Variant identifiers for Oncomine™ panels

Hotspots BED files

The BED file specification (http://genome.ucsc.edu/FAQ/FAQformat.html#format1.7) indicates that the fourth column is the name of the BED line, and is used to label the variant region in the UCSC genome browser or IGV. This label is also used to populate the ID field in the output VCF files as well as the Variant ID columns in Ion Reporter™ Software.

Oncomine™ panel hotspots files contain genomic representations that correspond to somatic variants that have been frequently observed in cancer samples, and thus are likely to be relevant to the cancer phenotype. These files also contain less frequently observed variants, implicated in literature reports as functionally relevant, for example, activating/inactivating variants. When possible, variants within the hotspots files are assigned an identifier consistent with a publicly accessible data source, preferentially COSMIC (https://cancer.sanger.ac.uk/cosmic) but also including dbSNP (https://www.ncbi.nlm.nih.gov/snp/) and ClinVar (https://www.ncbi.nlm.nih.gov/clinvar/). If a variant cannot be found in COSMIC, it may receive an arbitrarily assigned identifier to aid in variant calling interpretation and troubleshooting; these identifiers (for example, BT144, OM3324, OMINDEL700, MAN103) should be consistent across Oncomine™ panels. When hotspots files are updated, Thermo Fisher Scientific reviews the COSMIC database to determine whether variants with such identifiers have been assigned COSMIC IDs, and replace them with the more meaningful COSMIC IDs.

COSMIC ID changes due to database updates

The COSMIC database updates approximately four times a year, and these updates involve the addition of newly curated variants, removal of a smaller number of variants, and changes in genomic representations to a very small number of variants. There is, therefore, a chance that the variant identifiers in the hotspots files might be out of sync with, or no longer be found on the COSMIC website.

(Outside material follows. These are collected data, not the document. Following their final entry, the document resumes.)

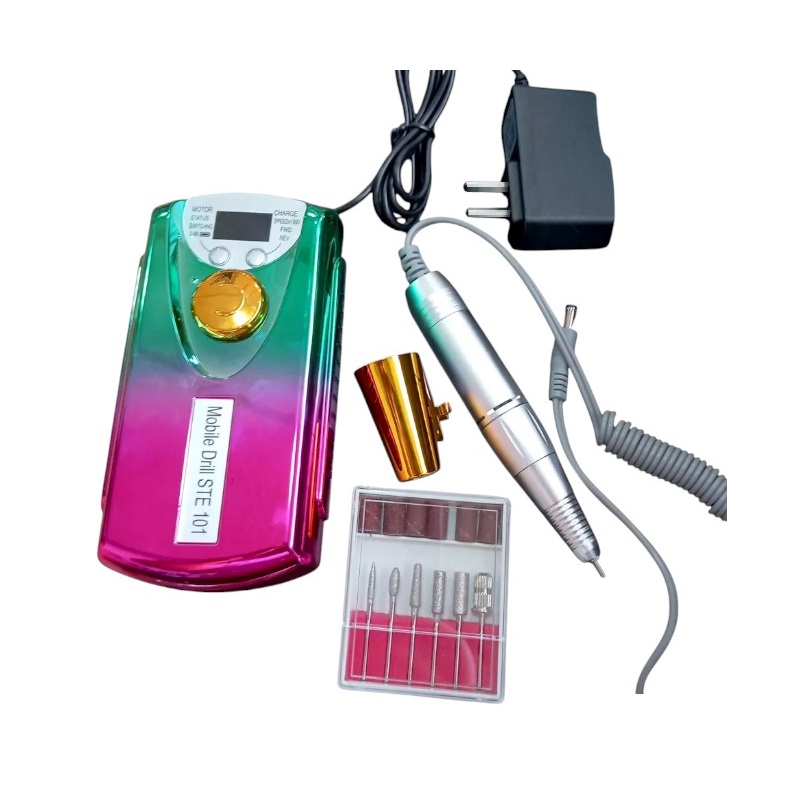Επαγγελματικός, επαναφορτιζόμενος τροχός μανικιούρ-πεντικιούρ με βάση στήριξης. Διαθέτει ρυθμιζόμενη ταχύτητα, λειτουργία μειωμένου θορύβου και δονήσεων και εργονομικό σχεδιασμό για εύκολη και άνετη χρήση. Χαρακτηριστικά: Ισχύς: 20W Δεξιόστροφη και αριστερόστροφη λειτουργία, Ψηφιακή οθόνη ενδείξεων, Ρυθμιζόμενη ταχύτητα: 1000-30000rpm, Προστασία από υπερθέρμανση, Προστασία από αντίστροφη ενεργοποίηση (καθυστέρηση αλλαγής 2 sec), Αυτονομία μπαταρίας έως 2 ώρες, Περιλαμβάνει: 6 φρέζες και 6 τροχολιθάκια.
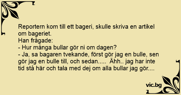 - Ja, sa bagaren tvekande, först gör jag en bulle, sen gör jag en bulle till, och sedan..... Ähh.. jag har inte tid stå här och tala med dej om alla bullar jag gör....
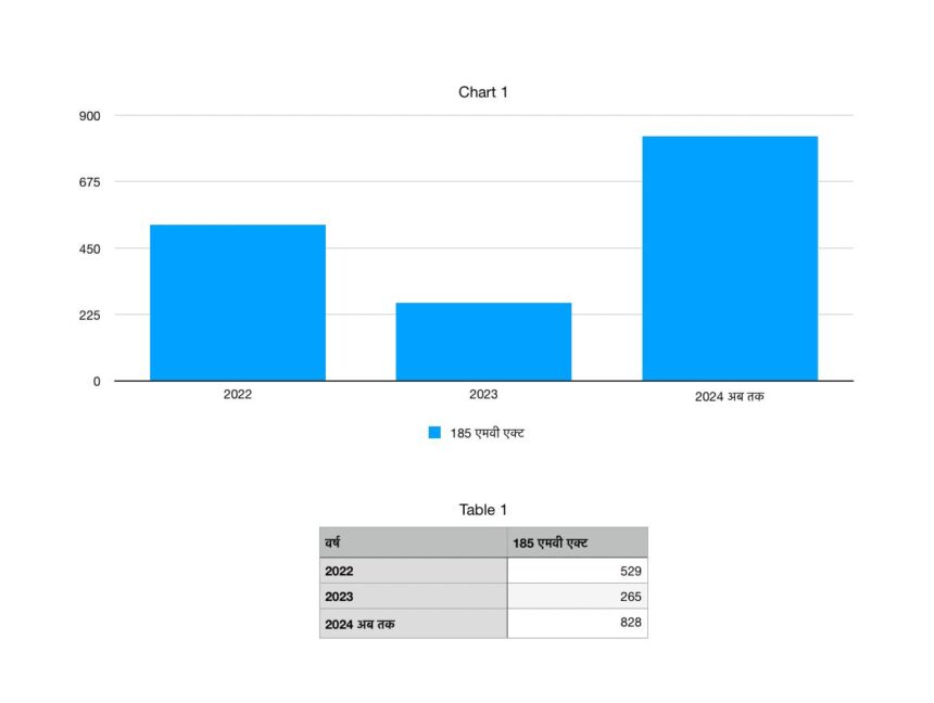 इस अभियान के तहत आज दिनांक तक ज़िले में शराब पीकर गाड़ी चलाने वालों के विरूद्ध सख्ती से कार्यवाही करते हुए कुल 828 लोगों के विरुद्ध 185 एम वी एक्ट के तहत कार्यवाही की गई है। जो पिछले पूरे साल की तुलना में इस साल केवल 3 माह में 300 प्रतिशत अधिक कार्यवाही की गई है।वही अगर पिछले दो साल का आँकड़ा देखे तो 2022 और 2023 को मिलाकर कुल 794 कार्यवाही की गई है जो इस वर्ष मात्र 3 माह में ही उससे अधिक कार्यवाही कर ली गई है।

Additionally, prior to COSMIC version 90, the same normalized genomic variant (see https://pubmed.ncbi.nlm.nih.gov/25701572/) might have had multiple redundant COSMIC variant identifiers (COSM); since COSMIC version 90, these identifiers have been replaced with one consistent COSV identifier, and multiple COSMIC variants may map to these identifiers.

Fusions files

A comprehensive, universally recognized database of oncogenic gene fusion breakpoints does not exist. Therefore, gene fusion isoform identifiers are generated by concatenating the two gene symbols with a hyphen, and then combining the first letter of the 5’ partner with the last retained 5’ exon along with the first letter of the 3’ partner with the first retained 3’ exon. For example, EML4-ALK.E6A17 involves a fusion between the sixth exon of EML4 with the 17th exon of ALK. Fusion isoforms involving junctions between incomplete exons, or involving intronic insertions may contain “ins” or “del” modifiers followed by the number of nucleotides removed or added. Additionally, assay names may contain additional identifiers such as COSMIC COSF ids or GenBank accession numbers.